Репехов начал подниматься, но это давалось ему с трудом, спина не разгибалась, ноги совсем окостенели. Видя его мучения, Иоанн отвернулся и подождал, пока тот всё же поднимется сам. Он видел, что заключённый сломлен и действительно больше не опасен для него. К тому же Репехов мог ещё понадобиться при дальнейшем расследовании новгородских дел. Поэтому великий князь пообещал:
— Хорошо, если ты скажешь мне правду, я отправлю тебя под надзор в московский монастырь, в Чудов. Я не заключу тебя в железа, ты сможешь стать простым иноком без права выходить за стены обители. Да ещё и попрошу позаботиться о тебе.

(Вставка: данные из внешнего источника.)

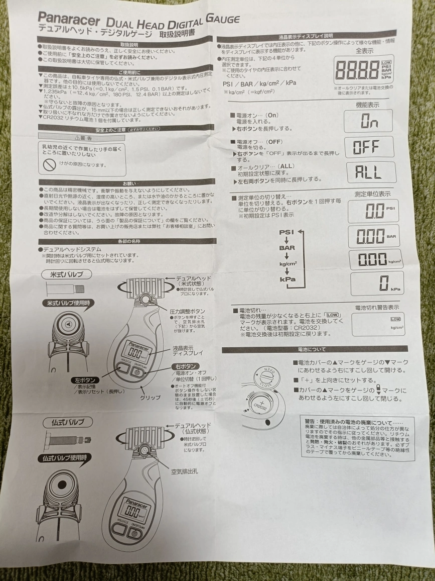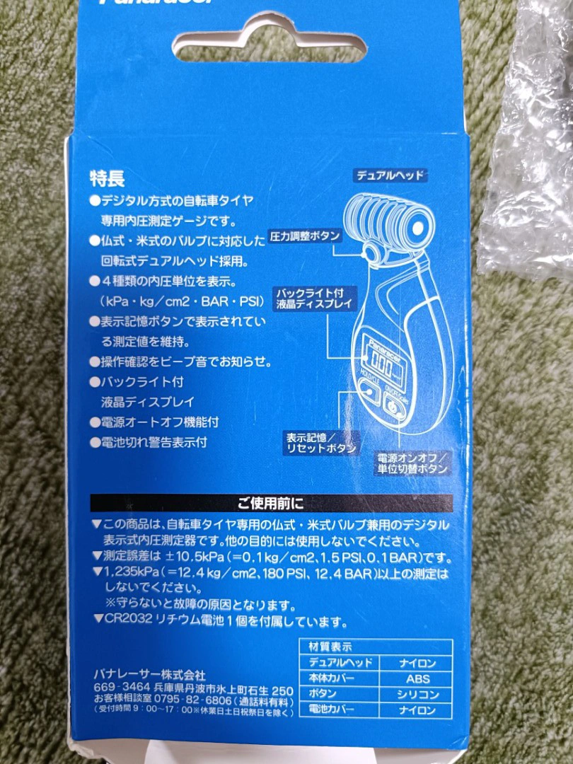 ご覧いただきありがとうございます☆ 実家に眠っておりました パナレーサーの自転車の空気圧測定器です。 空気も入るものかと思い間違えて購入してしまった為お譲り致します。 電池付き。 説明書付き。 サイズ 34 x 70 x 132 mm 回転式デュアルヘッド採用で仏・米式のバルブに対応 2種類の単位で内圧を表示(kPa・BAR) ワンボタン(左側)で表示記憶・表示リセットが可能 オートOFF機能があるので消し忘れても自動でOFF(45±15秒でOFF、その5秒前にビープ音) 空気圧を測定したまま調整出来る、圧力調整ボタン付き ⚠️動作確認済み。確認するため絶縁シートを1度外しましたが、元に戻してあります。 Amazon参考価格¥2745 お安く出品しておりますのでお値下げ不可になります。 ドタキャンされない方でお願いします。(通報&ブロックします) ご不明点等ございましたらお気軽にお問い合わせ下さい。 他のサイトでも出品中です。 溝ノ口駅、津田山駅、梶ヶ谷駅周辺でもOKです。

Так отвечай, виновен ли Феофил? Приказывал он тебе подписывать бумаги к Казимиру?
— Да, государь, — выдохнул Репехов и горько опустил голову, стыдясь своего предательства.
— Подписывал ли он лично какие бумаги, и почему они не попали к нам?
— Лишь письма к самому Казимиру, к копиям он не касался. А разным вельможам литовским мне приказывал писать от его имени. Ответы же, где обращались к нему лично, владыка забирал к себе в архив, а где прятал — я того не знаю.
Репехов устал стоять, ноги его подгибались, кружилась голова.
— Кто ещё, кроме арестованных, из новгородских наместников и из бояр участвовал в заговоре против Москвы? Кого ты там видел на собраниях из знакомых?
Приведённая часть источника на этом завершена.